Six Banks that Failed Last Week

Washington, DC is always a strange little bubble, but I was especially aware of it on this last visit. Compared to my part of Maine, in particular — which is quaint and lovely but undeniably ramshackle — it felt almost grotesquely shiny and prosperous.

The rest of the economy may be collapsing, but federal government employees – elected or appointed — aren't feeling that pain. They haven't lost their jobs. That's not to say that the DC area hasn't lost jobs: associations are suffering, municipal budgets are hurting, and the region's media organizations have been laying people off for a while. Even some law firms have made cuts. But DC has no feeling of grimness (which we have here), or even of scrambling and making do (which I felt on my last New York trip). Our elected officials may get the message when they come home at the holiday break, but Washington runs on the work of salaried employees who generally live inside the Beltway, and stay there.

I talked to a couple of people in DC who genuinely seemed to think the economy had started to recover. I hope it's true, but here in central Maine, it doesn't feel that way.

Among other business failures, 130 banks or savings and loans have failed so far this year. Six failed last Friday. In each case, no insured depositor lost money; the institutions were merged into other, healthier banks with only minor inconvenience to their customers, thanks to the good work of the FDIC and the marvel of deposit insurance.

You can argue that bank failures are a trailing indicator of economic distress, as it takes a while for people to default on loans, and for banks to feel the full impact of business failures and unemployment and income reductions. But they're also leading indicators, because every failed bank means one less source of new funds for small businesses and homebuyers, and one more sign of lost faith in an area's economic health.

1. Greater Atlantic Bank, Reston, Virginia. $203 million in assets, five branches, merged into Sonabank of McLean, VA. This savings and loan was the successor institution to one that had originally been chartered in 1887, and had been federally-insured since 1988. It had been looking for a merger partner since early this year, when its primary regulator, the Office of Thrift Supervision, placed it under a prompt corrective action (PCA) order following big losses.

2. Benchmark Bank, Aurora, IL. $170 million in assets, five branches, merged into MB Financial Bank, NA, of Chicago. Another old, old bank, originally chartered by the state of Illinois in 1898, and FDIC-insured since 1934. MB Financial has already said it will close three of Benchmark's five branches.

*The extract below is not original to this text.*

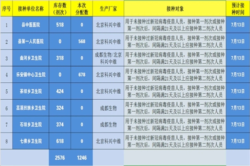 根据国家、省级有关方案和文件精神,从6月10日起,实行灭活疫苗不同生产企业产品第二剂可替代接种。我县今日新到1246剂新冠病毒灭活疫苗(北京科兴中维),上批次尚有2576剂库存(明细见下表),请市民朋友们准确掌握自己第一剂所接种疫苗品种等相关信息,积极到以下医院进行接种。凡是第一剂接种的是灭活疫苗,均可替代接种不同生产企业相同品种的疫苗(灭活疫苗)。同时,请及时关注“健康青川”微信公众号,了解我县新冠病毒疫苗接种安排。

3. AmTrust Bank, Cleveland, OH. $12 billion in assets, 66 branches, merged into New York Community Bank, Westbury, NY. The closure was inevitable once AmTrust's parent, AmTrust Financial Corporation, filed for bankruptcy protection under Chapter 11 on November 30. AmTrust was a giant savings and loan, originally chartered in 1921, insured since 1938.

4. The Tattnall Bank, Reidsville, GA. $49.6 million, two branches, merged into HeritageBank of the South, Albany, GA. A small-town community bank, chartered in 1900, insured since 1934.

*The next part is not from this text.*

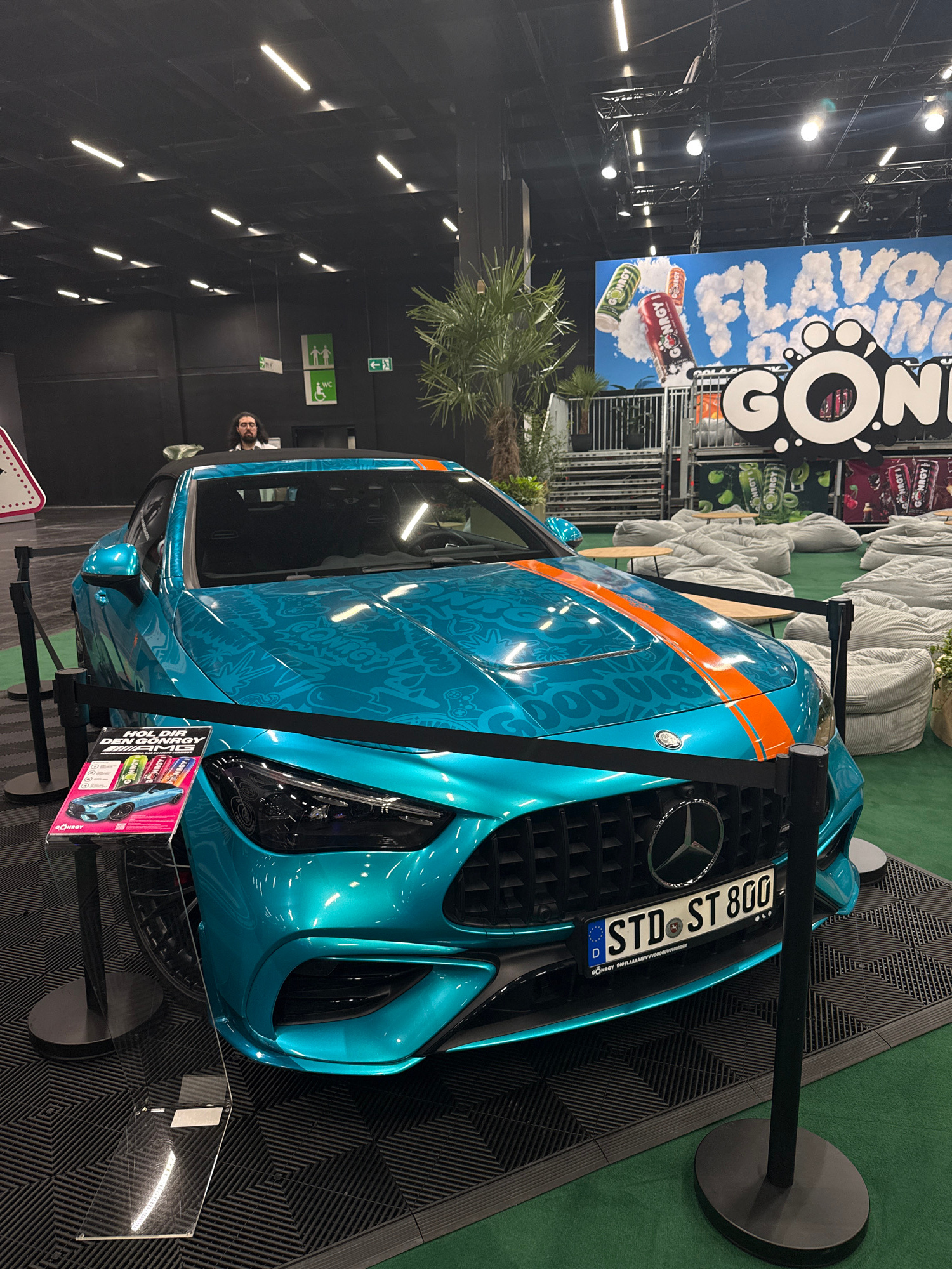 The image presents a customized, teal-colored Mercedes-AMG car showcased at an event, likely an exhibition or a promotional setting. The car's hood and roof display a distinct orange racing stripe and…read more

5. First Security National Bank, Norcross, GA. $128 million, four branches, merged into State Bank and Trust Company, Macon, GA. A newer bank, but still well-established, chartered and insured in 1985.

6. The Buckhead Community Bank, Atlanta, GA. $874 million, six branches, merged into State Bank and Trust Company, Macon, GA. The only bank on this list that could be considered a "boutique" institution, founded in 1998 to serve the residents of Buckhead, Atlanta's wealthiest neighborhood. Times are tough all over; earlier this year, it was reported that a fifth of Buckhead Community Bank's loans (mostly real estate) were in some form of delinquency or default.

2 comments:

Jack said...

Banks are not the source of any funds. Depositors are.

Ellen Clair Lamb said...

That's simpleminded, or a willful misunderstanding of my meaning. Depositors have no safe way of sharing their excess funds without an intermediary, which is the primary purpose of banks. A bank is a source of funds the way a faucet is a source of water.

Beyond that, through the multiplier effect and through the power of securitization — a genie that cannot be put back in the bottle, and is now a permanent element of our financial system, for better or worse — banks do, in fact, create money.